I work in the Automation and critical control in the oil and gas sector. Rarely will we deploy anything on that scale, we do however have some critical servers out there albeit small which run Citrix Zenserver with Marathon Lock Step technology. We have 2 small sans on that girl. I like the vmware stuff better tho.


rustydusty

join:2009-09-29
Red Deer, AB
reply to NinjaAction
250,000 IO's is a bit much for even a VDI, but we even have a MySQL database on it now, and it doesn't even show up on graphs. The whiptail is extreme high end data center quality hardware, but we didn't want any issues. It is now loaded with SSD's, where as it was only half full in the picture. Anyways, I love my job!

NinjaAction

join:2007-09-26
Calgary, AB
I'll bet, I Lol'd at the amount of ram on that system you got:)

Back on topic, P21 is still not working for me, all i've done is rebooted everything and made sure no firewalls are running, also recreated the port forward entry in my router. Still no worky worky.

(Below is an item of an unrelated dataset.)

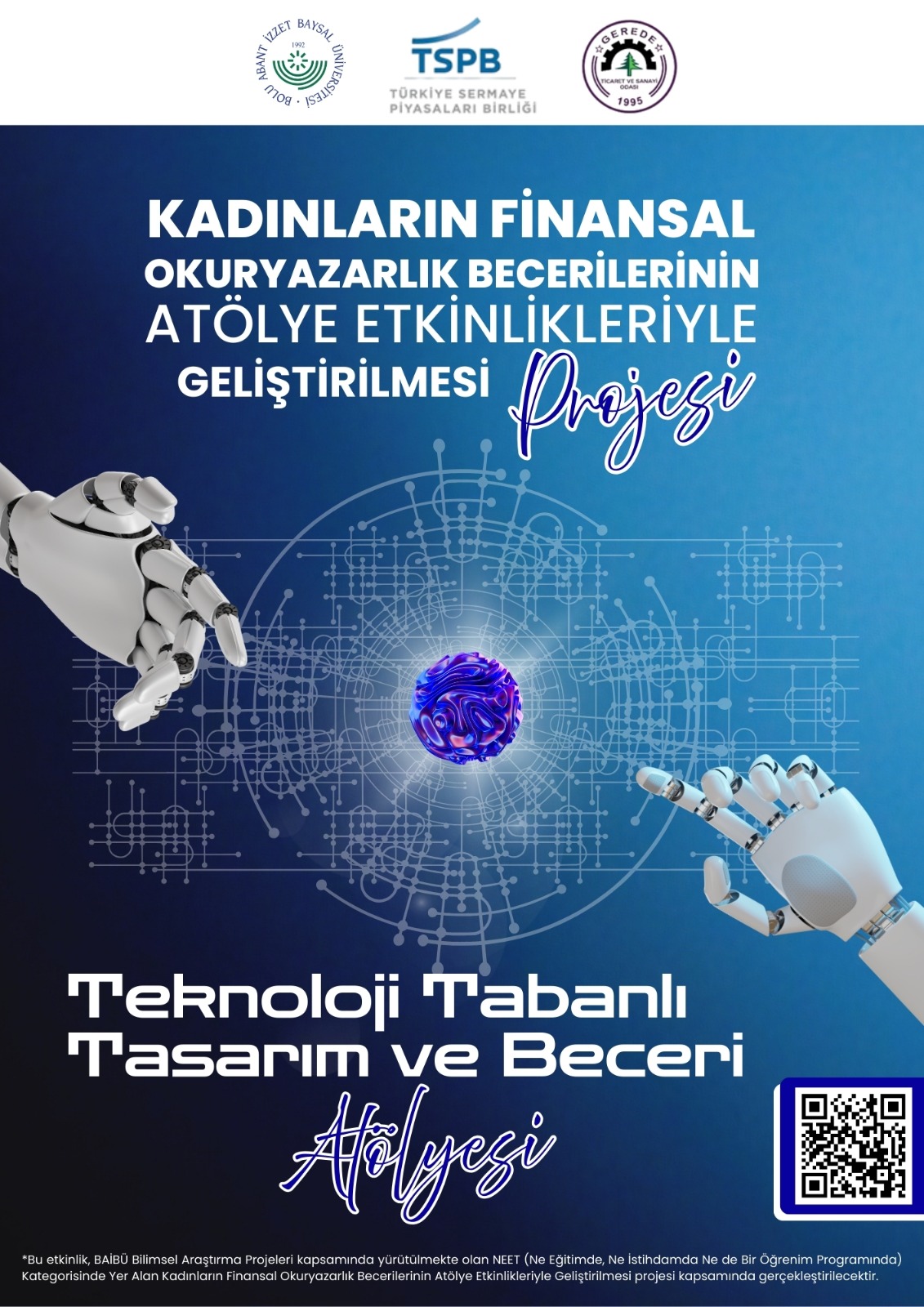 Bolu Abant İzzet Baysal Üniversitesi Bilimsel Araştırma Projeleri Koordinatörlüğü tarafından 2025-ÖNAP-11 numaralı proje kapsamında desteklenen bu etkinlik; şu an çalışmayan ve eğitimde olmayan kadınların finansal farkındalıklarını artırmayı ve yaratıcı beceriler kazandırmayı hedefliyor.

Probably something on my end tho, i'll troubleshoot more later......its the weekend and family duty calls.


rustydusty

join:2009-09-29
Red Deer, AB
reply to NinjaAction
Yeah, it's full of memory now. The other 3 esxi boxes have around 60-80GB memory. Almost a full rack of equipment now. What router are you using? Just the Shaw Cisco/SMC? I've heard nothing but problems with port forwarding on Shaw's latest devices. Maybe a firmware update has messed up port forward on the devices.

kevinds
Premium
join:2003-05-01
Calgary, AB
kudos:3
Reviews:
·Shaw
reply to NinjaAction
Actually DHCP address instead of static.

The DHCP addresses have the restrictions, the statics don't. Currently outgoing port 25 works from my static, but not from this test machine's DHCP address.

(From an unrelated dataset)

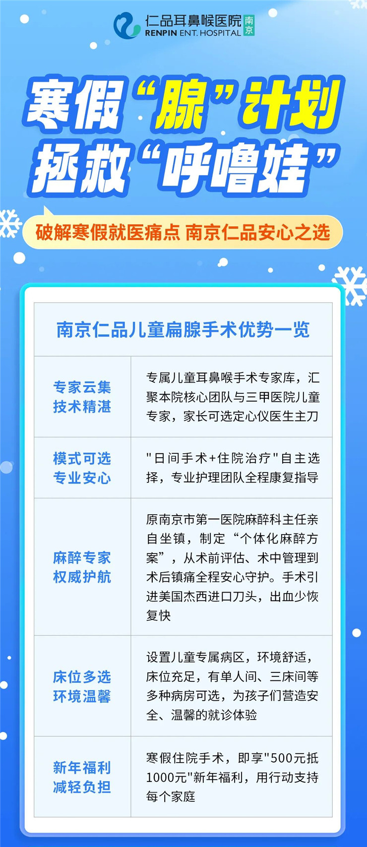 为了帮助孩子们利用假期窗口期及时解决扁腺问题,南京仁品耳鼻喉专科医院正式启动“寒假儿童扁腺手术绿色通道”专项服务。该通道旨在整合优质资源、优化诊疗流程,让治疗更高效、更便捷、更安心。
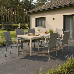 Elegantní zahradní židle značky Autronic je ideální volbou pro vaši terasu, balkon či zahradu. Její šedý design s výpletem z odolného polyratanu působí moderně a snadno se kombinuje s dalšími kusy venkovního nábytku. Díky pevnému kovovému rámu nabízí vysokou stabilitu i pohodlí při sezení. Materiál je nenáročný na údržbu, což oceníte při každodenním používání. Tato židle je skvělým řešením jak pro soukromé posezení, tak pro vybavení komerčních prostor, jako jsou kavárny nebo restaurace.

Disabling the shaping is done at the modem, everything else is done with ACL's at the router, so it depends on your IP address - the DHCP address pool has the outgoing 25 block, the static addresses do not.

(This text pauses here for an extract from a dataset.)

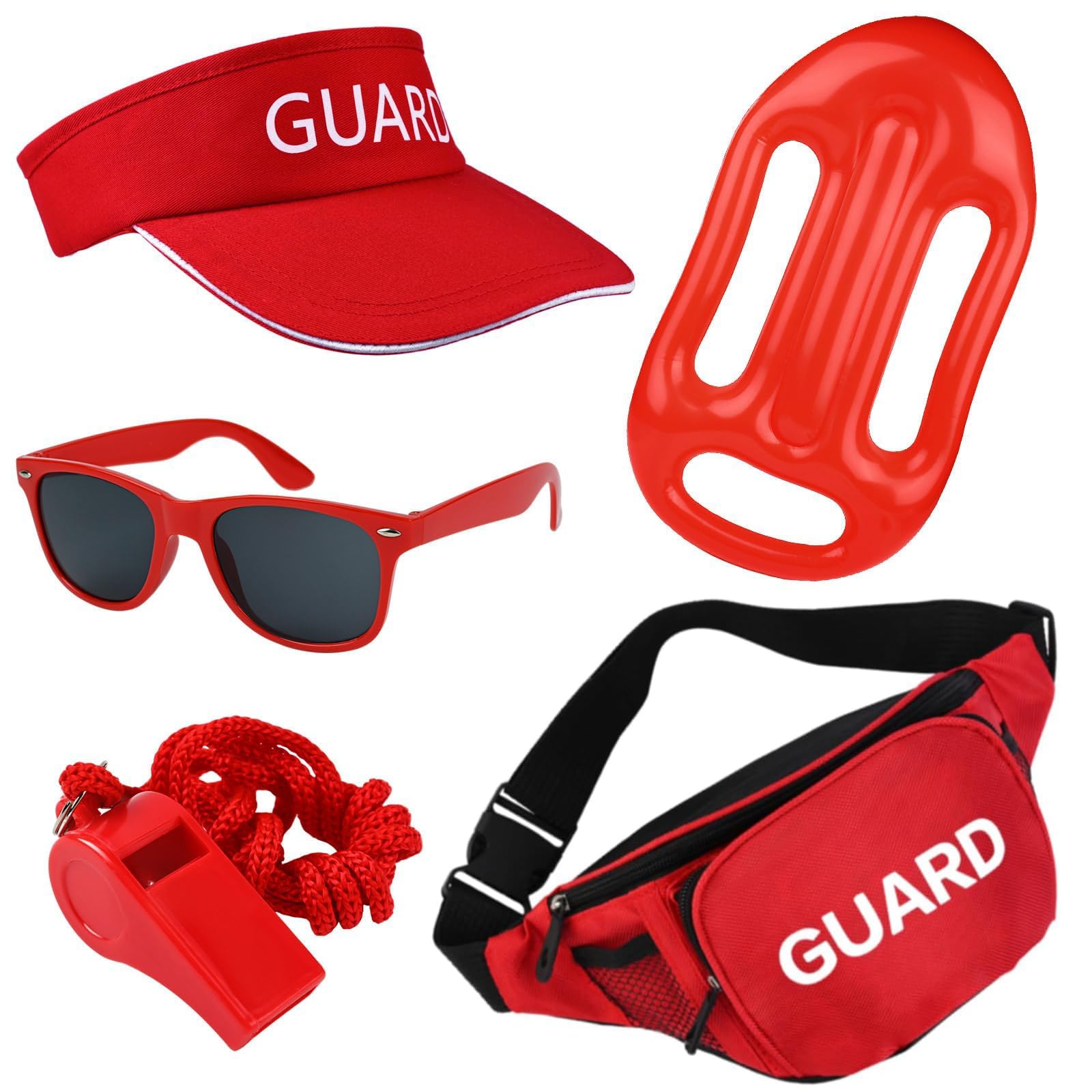 【Complete Guard Accessories Set】You will get a printing sun visor,a pair of red sunglasses,a inflatable floatand, ideal combination for you to wear, you can wear them on various party and it will make you eye catching in the crowd,you can also share them with your friends.

1. Try bypassing your router completely
2. Try 'telnet 127.0.0.1 21' from the FTP server

--
Yes, I am not employed and looking for IT work. Have passport, will travel.

stolen

join:2004-04-12
Calgary, AB
kudos:2
reply to NinjaAction
They are blocking some ports, but not 21/22. They are also not blocking *incoming* 25, only outgoing 25.

here's a scan of my open ports remotely:

PORT STATE SERVICE
21/tcp open ftp
22/tcp open ssh
25/tcp open smtp
53/tcp open domain
80/tcp open http
110/tcp open pop3
143/tcp open imap
554/tcp filtered rtsp
5050/tcp open mmcc
6112/tcp filtered dtspc
8080/tcp filtered http-proxy
8081/tcp open blackice-icecap
9090/tcp open zeus-admin
16959/tcp filtered subseven


and a comparison of local scan of the same machine:

PORT STATE SERVICE
21/tcp open ftp
22/tcp open ssh
25/tcp open smtp
53/tcp open domain
80/tcp open http
110/tcp open pop3
143/tcp open imap
5050/tcp open mmcc
8080/tcp open http-proxy
8081/tcp open blackice-icecap
9090/tcp open zeus-admin

Which suggests that they are blocking incoming 554, 6112, 8080 and 16959. (these could also be from the firewall/network on the side that I don't have control over)

outgoing, I only see port 25 blocked.

This is on a residential BB50 package.

NinjaAction

join:2007-09-26
Calgary, AB
Anyways sorry guys.....my ports are not blocked. The nat table in my router was corrupt or something.....POS Netgear running dd-wrt.....had to reflash dd-wrt to get it to work, not even a 30-30-30 reset would do it.